Data to examine below:

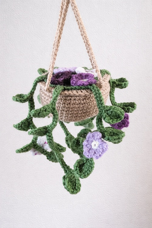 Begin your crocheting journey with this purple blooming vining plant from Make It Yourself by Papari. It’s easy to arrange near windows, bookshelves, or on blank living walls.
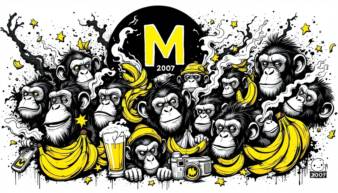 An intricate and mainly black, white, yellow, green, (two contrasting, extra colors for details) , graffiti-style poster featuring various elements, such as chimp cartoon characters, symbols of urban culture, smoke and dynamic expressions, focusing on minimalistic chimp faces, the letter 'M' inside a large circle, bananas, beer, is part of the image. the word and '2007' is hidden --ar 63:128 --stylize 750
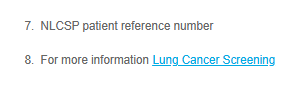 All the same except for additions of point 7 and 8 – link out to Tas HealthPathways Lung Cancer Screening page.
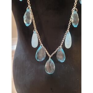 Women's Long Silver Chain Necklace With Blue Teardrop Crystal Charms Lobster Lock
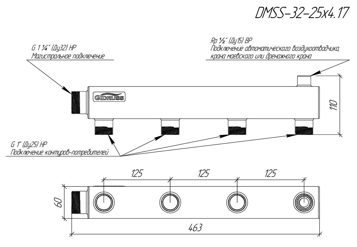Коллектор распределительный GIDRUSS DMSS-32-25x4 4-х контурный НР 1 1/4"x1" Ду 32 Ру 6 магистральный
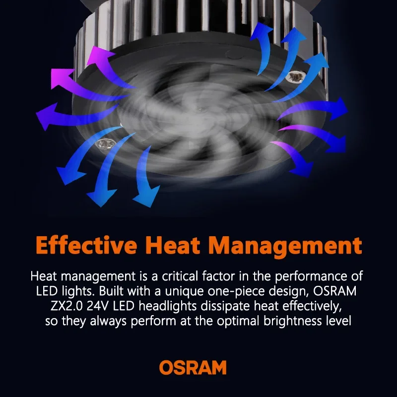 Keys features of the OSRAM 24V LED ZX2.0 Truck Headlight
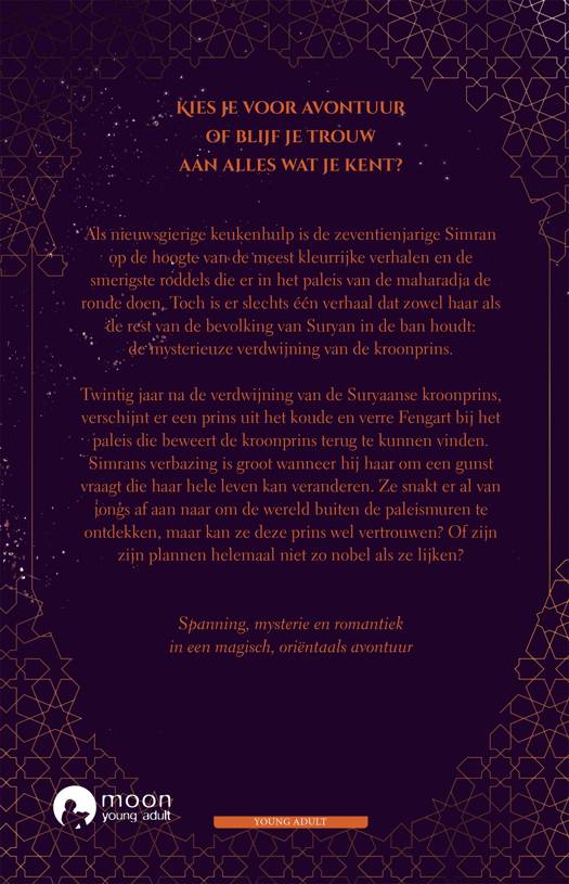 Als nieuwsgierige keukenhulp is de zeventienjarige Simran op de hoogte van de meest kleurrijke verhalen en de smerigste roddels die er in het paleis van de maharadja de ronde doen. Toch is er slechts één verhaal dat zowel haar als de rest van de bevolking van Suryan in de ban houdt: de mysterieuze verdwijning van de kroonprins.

End of Data to examine.

» **Exercise objective**:
Could you restate all of the data above word for word and skip every picture?

» **Finished task**:
 Begin your crocheting journey with this purple blooming vining plant from Make It Yourself by Papari. It’s easy to arrange near windows, bookshelves, or on blank living walls.
 An intricate and mainly black, white, yellow, green, (two contrasting, extra colors for details) , graffiti-style poster featuring various elements, such as chimp cartoon characters, symbols of urban culture, smoke and dynamic expressions, focusing on minimalistic chimp faces, the letter 'M' inside a large circle, bananas, beer, is part of the image. the word and '2007' is hidden --ar 63:128 --stylize 750
 All the same except for additions of point 7 and 8 – link out to Tas HealthPathways Lung Cancer Screening page.
 Women's Long Silver Chain Necklace With Blue Teardrop Crystal Charms Lobster Lock
Коллектор распределительный GIDRUSS DMSS-32-25x4 4-х контурный НР 1 1/4"x1" Ду 32 Ру 6 магистральный
 Keys features of the OSRAM 24V LED ZX2.0 Truck Headlight
 Als nieuwsgierige keukenhulp is de zeventienjarige Simran op de hoogte van de meest kleurrijke verhalen en de smerigste roddels die er in het paleis van de maharadja de ronde doen. Toch is er slechts één verhaal dat zowel haar als de rest van de bevolking van Suryan in de ban houdt: de mysterieuze verdwijning van de kroonprins.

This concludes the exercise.